Hvar Observatory
- Organization: University of Zagreb
- Location: Above Hvar, Hvar island, Croatia
- Coordinates: 43°10′38″N 16°26′56″E﻿ / ﻿43.1773°N 16.449°E
- Altitude: 173–245 m
- Established: 1972
- Website: oh.geof.unizg.hr

Telescopes
- Solar Telescope (photosphere): Refractor, 217 mm aperture, 2450 mm focal length
- Solar Telescope (chromosphere): Refractor, 130 mm aperture, 1950 mm focal length, narrowband filter
- Stellar Telescope: Cassegrain reflector, 65 cm aperture
- Austro-Croatian Telescope: Cassegrain reflector, 1 m mirror diameter
- Location of Hvar Observatory

= Hvar Observatory =

The Hvar Observatory, part of the Geodetic school of the University of Zagreb, is an astronomical research observatory located above the city of Hvar (the observatory's dome is between 173 and 245 meters above sea level). Opened in 1972, research at the observatory focuses on solar physics; the photometry of stars, especially variable class Be stars; and star clusters and galaxies. A double telescope is used for solar observation: one telescope observes the photosphere (opening diameter 217 mm, focal length 2450 mm) and the other observes the chromosphere (opening diameter 130 mm, focal length 1950 mm) with a narrowband spectral filter. For stellar observation, a Cassegrain reflector with an opening diameter of 65 cm is used. Since 1997 a shared Austro-Croatian telescope is also used for stellar observation, which has a mirror diameter of 1 m and is also a Cassegrain reflector.

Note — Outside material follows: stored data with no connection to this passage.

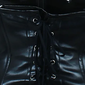 Back Lacing CorsetThe black corset with white stitches has back lacing for waist reduction. |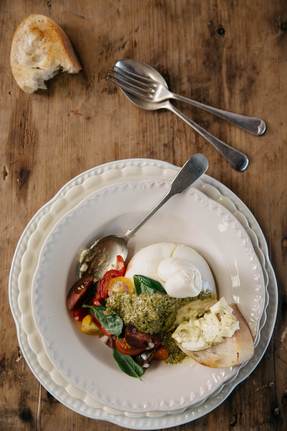 I really don’t think there is a better antipasti plate to share than good crusty bread, cheese and ripe tomatoes. This is a really nice way to serve a cheese appetiser before a meal, or on its own for a light, shared dinner. Everyone can scoop up some creamy goodness from the burrata cheese, topped with tomato salsa and pesto. Utterly delicious!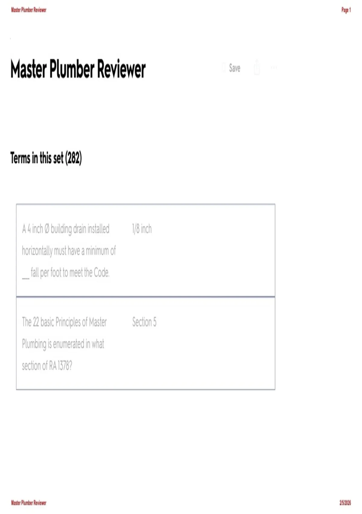 Master Plumber Reviewer Page 1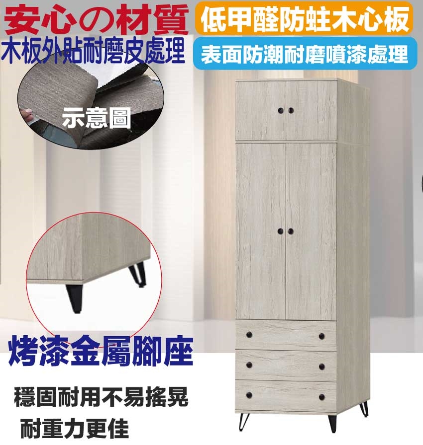 【綠家居】摩帝2.6尺四門三抽加高衣櫃組合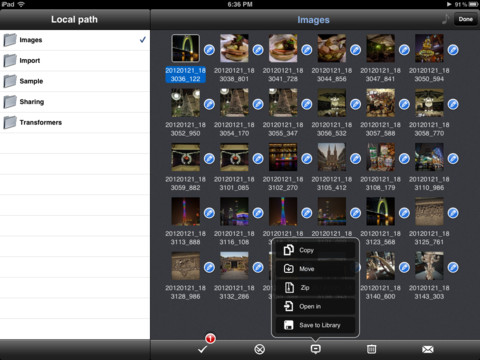 Oltre a quanto appena accennato, GoodReader potrà essere sincronizzato con diverse tipologie di server in remoto, come ad esempio i servizi offerti da iDisk, Dropbox, SugarSync e qualsiasi server WebDAV, AFP, FTP e SFTP. All’interno dell’app troveremo un vero e propri file manager che potrà essere utilizzato per interagire con i diversi file zippandoli, spacchettandoli ed inviandoli via email, come anche la possibilità di trasferirli sfruttando una tra le modalità incluse.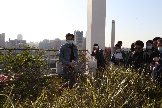 广东建科院绿色建筑中心的建筑师于工和周工带领师生分别参观了楼顶的种植屋面、太阳能光伏板、小型气象站、太阳能集热板等装置,参观了负一层车库的导光管和采光天井、风洞实验室以及用于工程实时监测维修的5G车。

The observatory is located above the city of Hvar on the southwest portion of Hvar island, on a steep hill 240 meters above sea level in the historic Napoleonic fortifications built by the French army during the Napoleonic wars at the beginning of the 19th century.

The observatory was founded in 1972 through the collaborative efforts of the Council for Science of the Socialist Republic of Croatia and the Astronomical Institute of the Czechoslovak Academy of Sciences in Ondřejov, as one of the institutes of the Geodetic school of the University of Zagreb.